Query Generation for Database Testing Via Machine Learning
Date
Authors
Journal Title
Journal ISSN
Volume Title
Publisher
Abstract
Modern database management systems (DBMSs) are important to data-driven applications. However, testing DBMS bugs is still a challenging task as the DBMS is a very complex system. Bugs in the DBMS often appear only under specific execution plan patterns, such as nested-loop joins combined with aggregation. Reproducing such bugs requires generating SQL queries whose execution plans contain the pattern that triggers the bug. Existing rule-based query generators and learning-based approaches both fail to generate queries under the execution plan pattern constraint. To overcome this limitation, we propose QueryMorpher, a plan-driven query generation framework that generates SQL queries from the problematic execution plan that triggers the bug. QueryMorpher begins with a problematic execution plan and a plan pattern that triggers the bug, and implements a sequence of learned plan mutation operations guided by a sequence-to-sequence model. The mutated plan is then translated back into SQL by using a plan-to-query translation module, which guarantees that the resulting query reproduces the desired execution plan while remaining syntactically and semantically valid.

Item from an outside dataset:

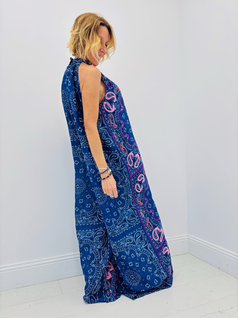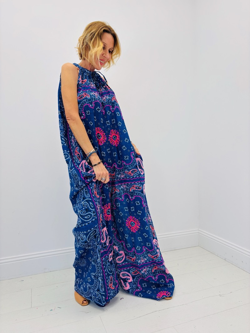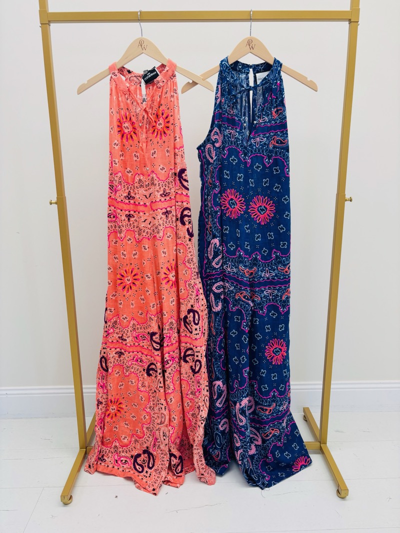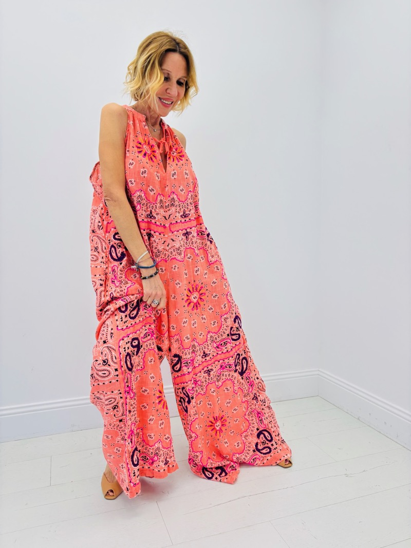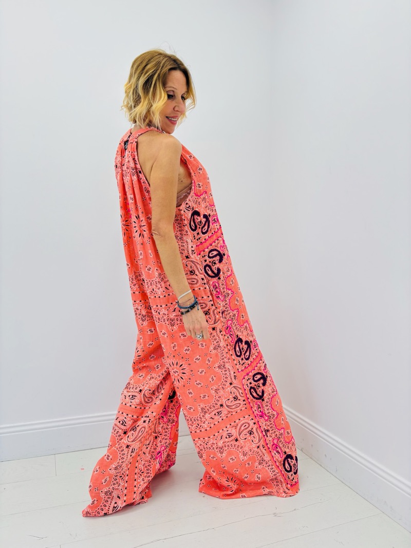 Cette combinaison longue au style bohème chic est une pièce forte de la saison, parfaite pour apporter une touche de couleur et de légèreté à toute collection estivale. La Combinaison Bolina séduit par son imprimé graphique inspiré des motifs bandana et floraux, revisités dans des teintes vibrantes qui apportent une allure à la fois moderne et décontractée.

Experimental results demonstrate that QueryMorpher can generate diverse and valid queries whose execution plans contain the user-defined patterns. On TPC-H, QueryMorpher achieves a target-pattern rate of 0.6 vs 0.4 for the best baseline, while maintaining 10% higher plan diversity under the same budget. On TPC-DS, QueryMorpher achieves similar improvements, indicating that QueryMorpher is stable on different database schemas. By bridging the gap between query generation and query execution plan control, QueryMorpher enables automated and controllable DBMS testing.